As the book progresses they find the woman’s killer and deliver a brutal beating to him. Joseph has more regret and has concerns about the way Cassandra has treated him. Cassandra shares memories with Joseph of how she met [portion deleted to protect author’s story idea], the twist that he too is a vampire, and was once [portion deleted to protect author’s story idea]. John Snow (Cassandra’s estranged vampire husband) has his own chapter where we learn some of his past and see the pleasure he takes in combat with other vampires. Cassandra, meanwhile, makes their training sessions more intense as she strongly suspects John will soon return but does not tell Joseph. Joseph and Cassandra, however, dream of John Snow as he approaches on the ferry to Newfoundland. Joseph is also given an offer to join with John in his dream but he only considers it for the briefest of moments. Joseph maintains his contact with his friends and Cassandra is brought along to meet them for a game of Dungeons and Dragons, despite the impending danger. After a climactic battle, where Joseph uses a moose to turn the tide of battle, they defeat John and it is revealed that Cassandra had another creation before him and that they are being watched. Joseph and Cassandra have an argument where more truths are revealed; she gave him Ginger ten years ago and did once make another vampire to defeat John.
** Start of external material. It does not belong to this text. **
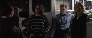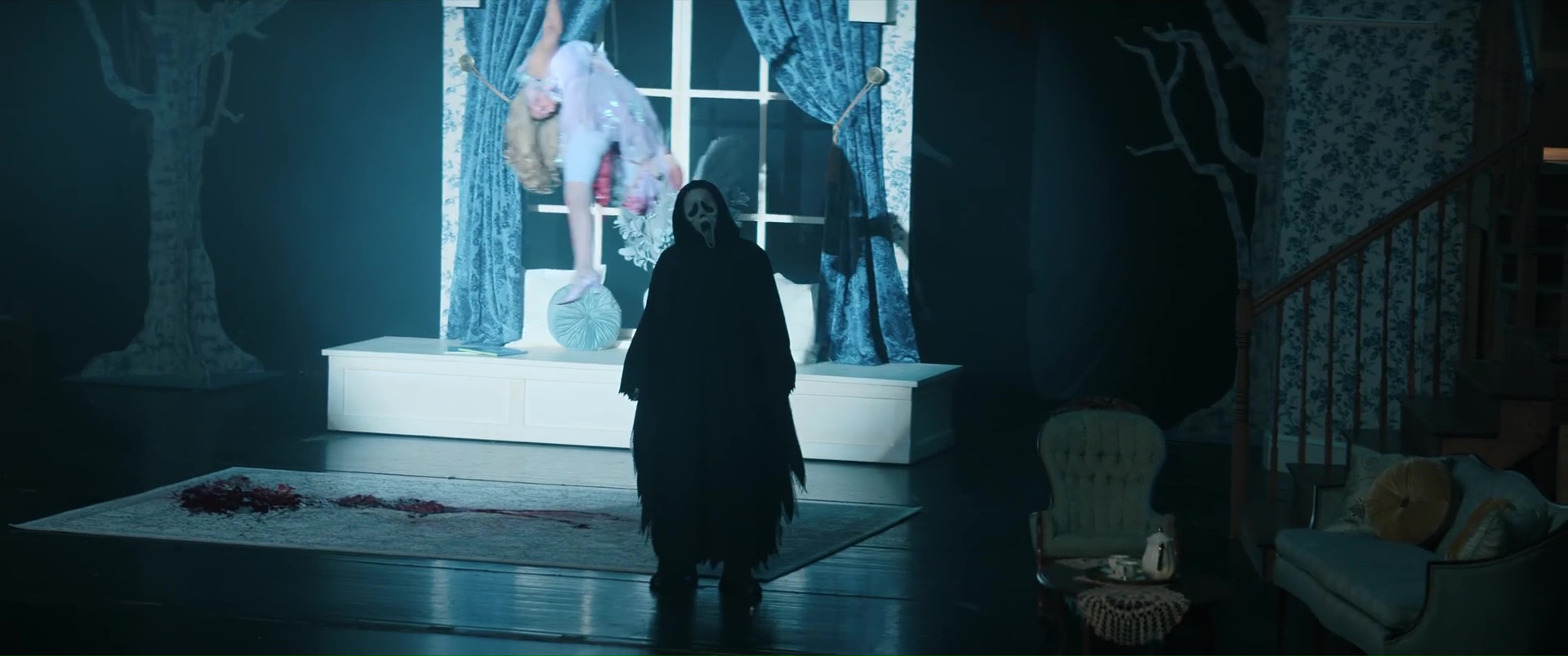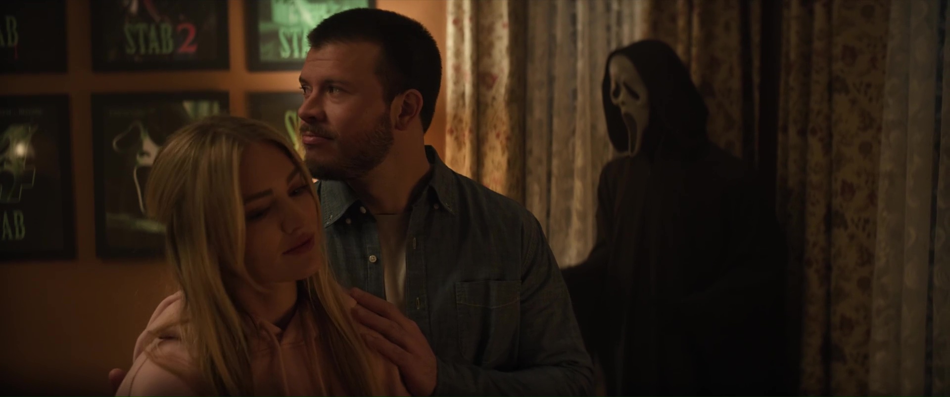 Pourtant, cette scène d’ouverture, loin d’être la meilleure, laissait au moins présager une prise de risque, du sang neuf, en jouant à la fois avec le fameux côté méta de la saga (un couple qui loue la maison ayant servie au tournage de la saga fictive Stab), et donc forcément du fan service pour le fan de la première heure, mais aussi une volonté d’aller de l’avant, en brulant littéralement à la fin de la scène les lieux. Brûler le passé pour évoluer donc. Que nenni, on comprend bien vite que ce geste n’a en réalité aucune valeur, aucune utilité dans le reste du récit, et semble plus penser pour terminer l’ouverture sur des plans iconiques et possiblement pour faire de jolis plans pour la bande annone qui feront parler le fan et le rendront curieux. Car le reste du programme est du niveau de Scream 5 et 6, en pire. Oui mes amis, cela est possible. On retrouve Sydney, mariée et avec une fille qu’elle a appelé Tatum (comme sa meilleure amie morte dans le premier film), et forcément, un ou plusieurs nouveaux tueurs débarquent dans sa ville (le film quitte encore Woodsboro donc, après New York dans le précédent) afin de la traquer, elle et sa famille, et quiconque sera sur leur route. Et lister tout ce qui ne va pas équivaut ici à faire une liste de courses pour une famille nombreuse. Oui, il y a de quoi dire. On pourrait parler, avant de rentrer dans le gras, de tout ce qui est technique.

Joseph is shocked by these revelations and tells Cassandra that he can deal with no more secrets. He is hurt and his trust is shaken but ultimately he has come to love Cassandra and he decides the vampire world is too dangerous for him alone. While Joseph is out for a walk to think he finds a stray cat in a parking lot. He is confronted by another vampire, the same who watched their fight, sent by a [portion deleted to protect author’s story idea]. The epilogue features Donald Rathmore, John Snow’s secret creation and his brutal killing of a girl in Mexico. Donald senses his creator’s death and decides he would like the challenge of fighting vampires for a change as the story ends.